Wie habt Ihr das gelöst? Auslassen ist leider keine Lösung, da mir sonst der Teich kippt. Aber vielleicht fällt Euch was ein, bevor ich ihn wieder in Betrieb nehme.

Gruß vom verantwortlichen Pumpen-Besitzer


----------



## Joachim (10. Juni 2008)

*AW: Pumpe bereits 3facher "Mörder"*

Wie? Du betreibst den Oase-Skimmer ohne Schutzgitter? Das würd ich schon der Pumpe wegen (Schmutz) nicht tun ...  Hast du von deinem Skimmer mit Pumpe mal zufällig ein paar Bilder?

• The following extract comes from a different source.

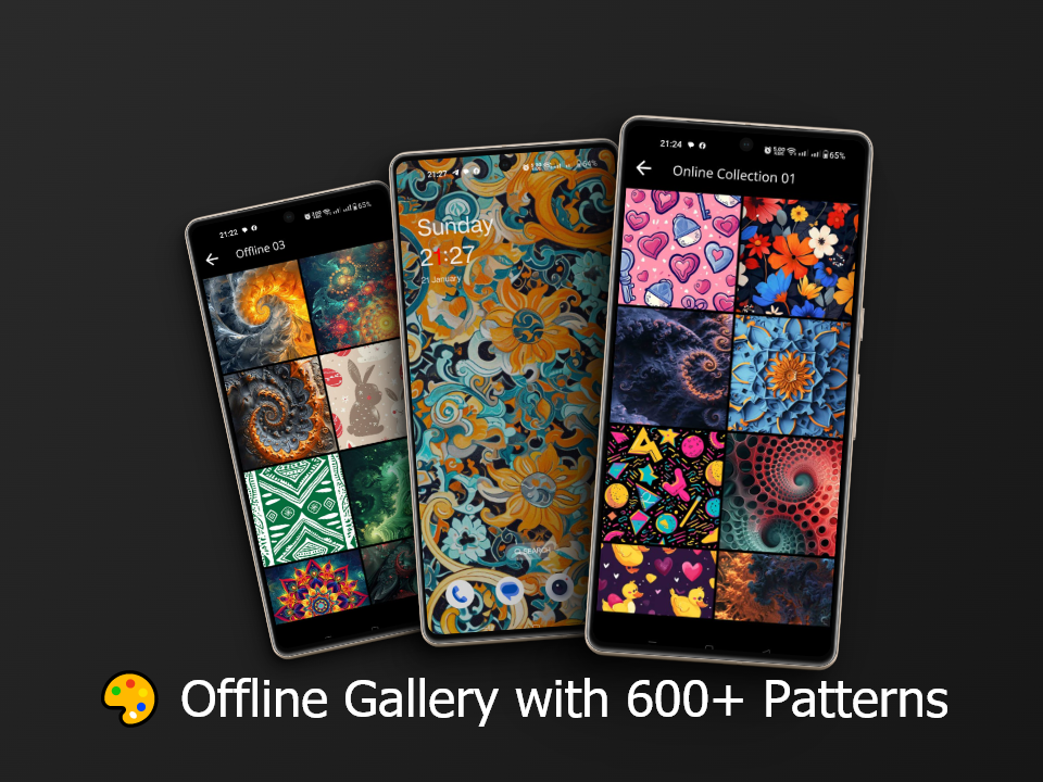 अपनी उंगलियों पर, ऑफ़लाइन पहुंच योग्य 600 से अधिक हाई-डेफिनिशन पैटर्न वॉलपेपर के क्यूरेटेड संग्रह का आनंद लें। कोई इंटरनेट नहीं? कोई बात नहीं! आपके पसंदीदा पैटर्न हमेशा उपलब्ध हैं।

Also ich würd auf alle Fälle den Filterkorb drinn lassen, denn auch wir haben immer mal wieder nen Frosch im Skimmerfilterkorb hocken - bislang alle noch Lebend (Korb raus und zack, schon springt er wech ) ...


----------



## Chaos (10. Juni 2008)

*AW: Pumpe bereits 3facher "Mörder"*

Der Korb ist natürlich noch im Skimmer drin. Ich weiß auch nicht, wie die Tiere da drunter kommen, sind ja nur ein paar Milimeter am Rand "Luft" dazwischen und die Tiere sind ja ein vielfaches größer. Bild hab ich leider keines, versuch mal eines zu machen. Muss aber erst noch den Fosch aus der Pumpe "entfernen" ...


----------



## Chaos (12. Juni 2008)

*AW: Pumpe bereits 3facher "Mörder"*

Hab inzwischen ein Thema gefunden, was ein ähnliches Problem behandelt, werde mal die Anregungen von dort aufgreifen ...

https://www.hobby-gartenteich.de/xf/threads/16160


----------